A novel process has been developed to reduce the polymer damage associated with aqueous fracture treatments inclusive
of the filter cake and polymer residue and their detrimental effects to fracture conductivity, formation permeability,
and the resultant oil and gas production. This novel approach differs from conventional breaker applications in that the
formation is first treated with breakers and then the fracture treatment is performed. The process advances that a
"Fracture Pre-Treatment" fluid enriched with breakers is pumped ahead of the primary fracture treatment and proppant.
The process also advances that the breakers coat the formation matrix to include the formation surfaces, pore throats,
and permeable network through natural leak-off prior to the dynamic deposition of the filter cake during the fracture
treatment.
Since the breaker enriched Fracture Pre-Treatment fluid is pumped prior to the main body of the fracture treatment
(and proppant), the dynamic pressure differential between the fracture and the formation contains the Fracture Pre-
Treatment fluid behind or in the formation during the fracture treatment. Thus the main body of the fracture treatment
is unaffected by the Fracture Pre-Treatment fluid. The fracture treatment is completed in the conventional manner with
standard breaker concentrations, the well is shut in to allow the fluid to break, and the flow-back process is then
initiated. During the flow-back of the treatments the pressure dynamics are reversed releasing the fracture treatment
and Fracture Pre-Treatment fluids. The breaker enriched Fracture Pre-Treatment fluid flows from the formation matrix
into the fracture sweeping it with a concentrated breaker solution.

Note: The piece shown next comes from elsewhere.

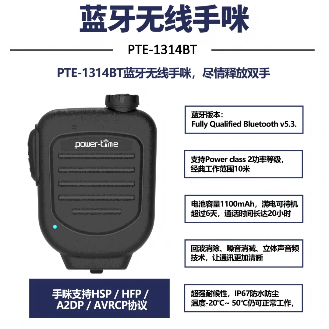 本次展会首发的PTE-1314BT蓝牙无线手咪,专为专业对讲机打造,以硬核性能成为现场焦点:

This unique process concentrates the breakers on the formation side of the filter cake, increases the total mass of the
breakers that can be applied and further exposes the filter cake and polymer residue to the breakers upon flowback of
the fracture treatment and Fracture Pre-Treatment fluid. These combined factors enhance the degradation of the filter
cake and polymer residue, thereby promoting increased regained fracture conductivity, formation permeability, and
further enhancing oil and gas production.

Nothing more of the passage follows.